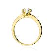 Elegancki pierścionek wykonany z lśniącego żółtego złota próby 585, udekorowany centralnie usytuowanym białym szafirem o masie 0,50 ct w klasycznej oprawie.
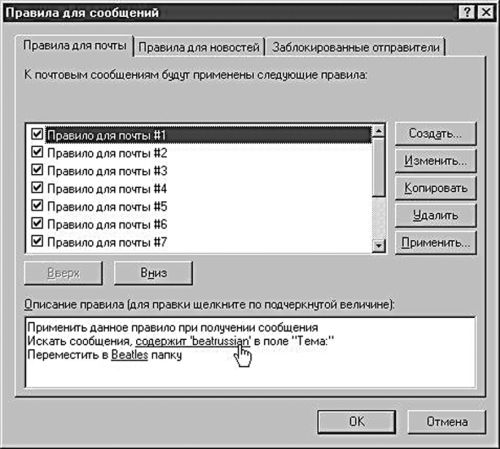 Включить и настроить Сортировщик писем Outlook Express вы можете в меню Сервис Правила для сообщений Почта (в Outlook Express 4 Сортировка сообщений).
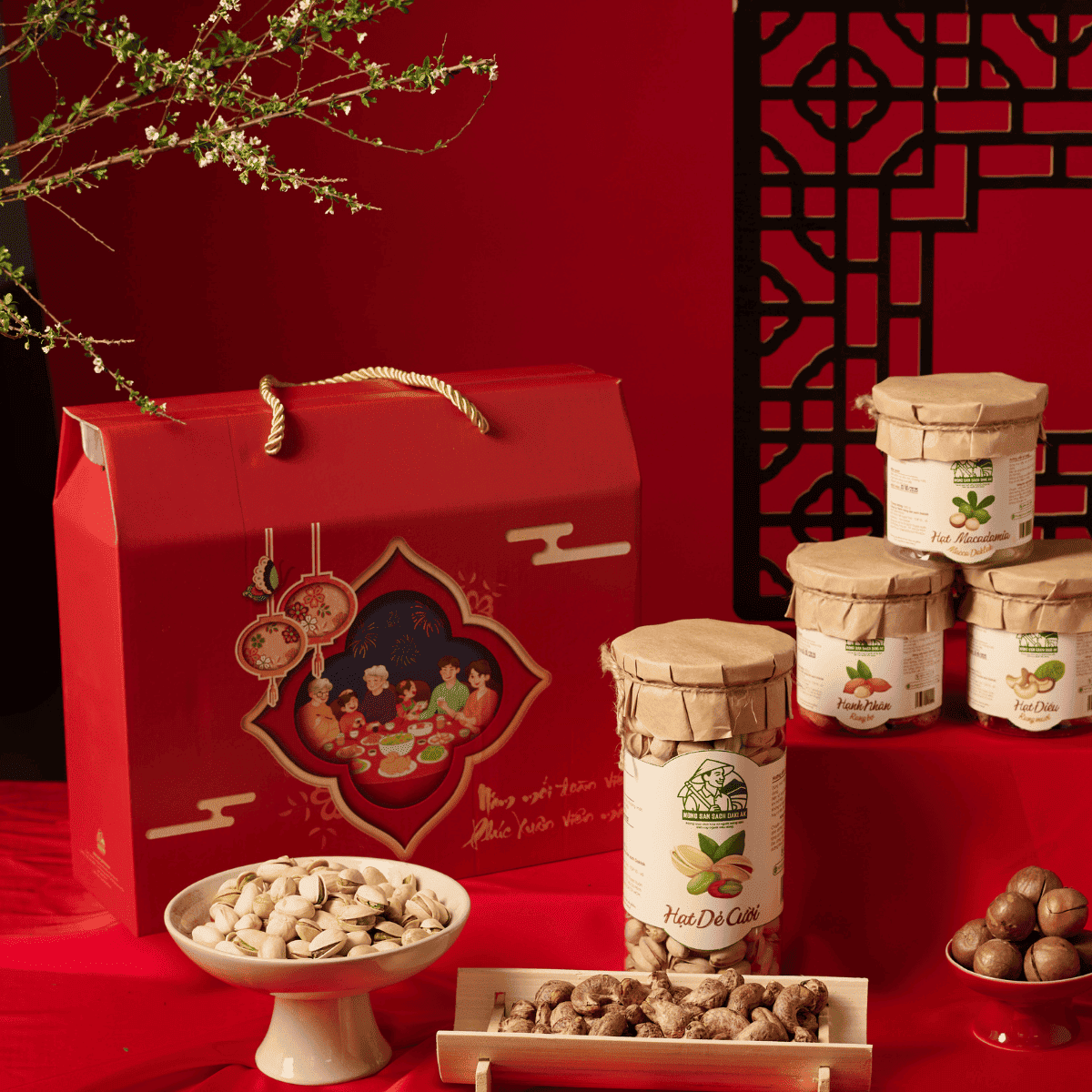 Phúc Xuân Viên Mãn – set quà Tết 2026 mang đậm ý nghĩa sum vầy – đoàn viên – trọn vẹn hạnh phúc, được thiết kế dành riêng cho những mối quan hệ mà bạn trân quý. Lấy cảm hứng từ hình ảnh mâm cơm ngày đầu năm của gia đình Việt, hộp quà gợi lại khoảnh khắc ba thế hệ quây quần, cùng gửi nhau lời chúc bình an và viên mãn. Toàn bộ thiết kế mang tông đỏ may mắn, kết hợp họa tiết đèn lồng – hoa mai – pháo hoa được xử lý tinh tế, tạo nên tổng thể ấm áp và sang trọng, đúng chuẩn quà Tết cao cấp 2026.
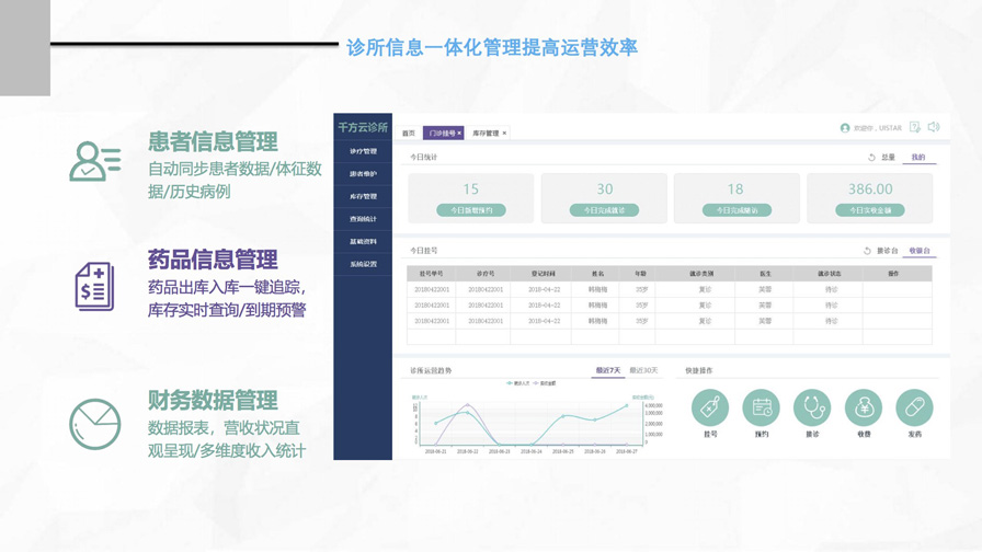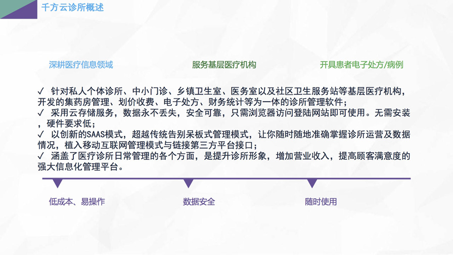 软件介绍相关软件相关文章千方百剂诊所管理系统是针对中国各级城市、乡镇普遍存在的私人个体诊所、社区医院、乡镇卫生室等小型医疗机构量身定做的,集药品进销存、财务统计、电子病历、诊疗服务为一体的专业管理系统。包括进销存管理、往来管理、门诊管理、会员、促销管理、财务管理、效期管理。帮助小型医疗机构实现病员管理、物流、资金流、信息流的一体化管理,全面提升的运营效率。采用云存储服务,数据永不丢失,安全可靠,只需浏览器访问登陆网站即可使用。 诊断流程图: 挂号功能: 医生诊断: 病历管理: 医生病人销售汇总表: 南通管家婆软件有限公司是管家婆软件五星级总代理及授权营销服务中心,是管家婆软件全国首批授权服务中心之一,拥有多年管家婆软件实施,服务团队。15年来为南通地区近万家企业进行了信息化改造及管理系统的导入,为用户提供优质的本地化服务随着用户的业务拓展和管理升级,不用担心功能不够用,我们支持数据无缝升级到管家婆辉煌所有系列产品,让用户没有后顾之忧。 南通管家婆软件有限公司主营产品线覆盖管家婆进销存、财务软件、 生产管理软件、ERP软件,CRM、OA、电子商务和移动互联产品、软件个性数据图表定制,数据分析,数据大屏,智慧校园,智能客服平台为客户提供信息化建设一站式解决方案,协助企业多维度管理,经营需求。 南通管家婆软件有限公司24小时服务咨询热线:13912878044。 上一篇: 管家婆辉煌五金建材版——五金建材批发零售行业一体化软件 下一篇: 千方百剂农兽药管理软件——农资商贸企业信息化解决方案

→ **WORK TO BE COMPLETED**
Produce a verbatim transcription of every line in the listing, images omitted.

→ **RESPONSE TO THIS EXERCISE**
 Elegancki pierścionek wykonany z lśniącego żółtego złota próby 585, udekorowany centralnie usytuowanym białym szafirem o masie 0,50 ct w klasycznej oprawie.
 Включить и настроить Сортировщик писем Outlook Express вы можете в меню Сервис Правила для сообщений Почта (в Outlook Express 4 Сортировка сообщений).
 Phúc Xuân Viên Mãn – set quà Tết 2026 mang đậm ý nghĩa sum vầy – đoàn viên – trọn vẹn hạnh phúc, được thiết kế dành riêng cho những mối quan hệ mà bạn trân quý. Lấy cảm hứng từ hình ảnh mâm cơm ngày đầu năm của gia đình Việt, hộp quà gợi lại khoảnh khắc ba thế hệ quây quần, cùng gửi nhau lời chúc bình an và viên mãn. Toàn bộ thiết kế mang tông đỏ may mắn, kết hợp họa tiết đèn lồng – hoa mai – pháo hoa được xử lý tinh tế, tạo nên tổng thể ấm áp và sang trọng, đúng chuẩn quà Tết cao cấp 2026.
 软件介绍相关软件相关文章千方百剂诊所管理系统是针对中国各级城市、乡镇普遍存在的私人个体诊所、社区医院、乡镇卫生室等小型医疗机构量身定做的,集药品进销存、财务统计、电子病历、诊疗服务为一体的专业管理系统。包括进销存管理、往来管理、门诊管理、会员、促销管理、财务管理、效期管理。帮助小型医疗机构实现病员管理、物流、资金流、信息流的一体化管理,全面提升的运营效率。采用云存储服务,数据永不丢失,安全可靠,只需浏览器访问登陆网站即可使用。 诊断流程图: 挂号功能: 医生诊断: 病历管理: 医生病人销售汇总表: 南通管家婆软件有限公司是管家婆软件五星级总代理及授权营销服务中心,是管家婆软件全国首批授权服务中心之一,拥有多年管家婆软件实施,服务团队。15年来为南通地区近万家企业进行了信息化改造及管理系统的导入,为用户提供优质的本地化服务随着用户的业务拓展和管理升级,不用担心功能不够用,我们支持数据无缝升级到管家婆辉煌所有系列产品,让用户没有后顾之忧。 南通管家婆软件有限公司主营产品线覆盖管家婆进销存、财务软件、 生产管理软件、ERP软件,CRM、OA、电子商务和移动互联产品、软件个性数据图表定制,数据分析,数据大屏,智慧校园,智能客服平台为客户提供信息化建设一站式解决方案,协助企业多维度管理,经营需求。 南通管家婆软件有限公司24小时服务咨询热线:13912878044。 上一篇: 管家婆辉煌五金建材版——五金建材批发零售行业一体化软件 下一篇: 千方百剂农兽药管理软件——农资商贸企业信息化解决方案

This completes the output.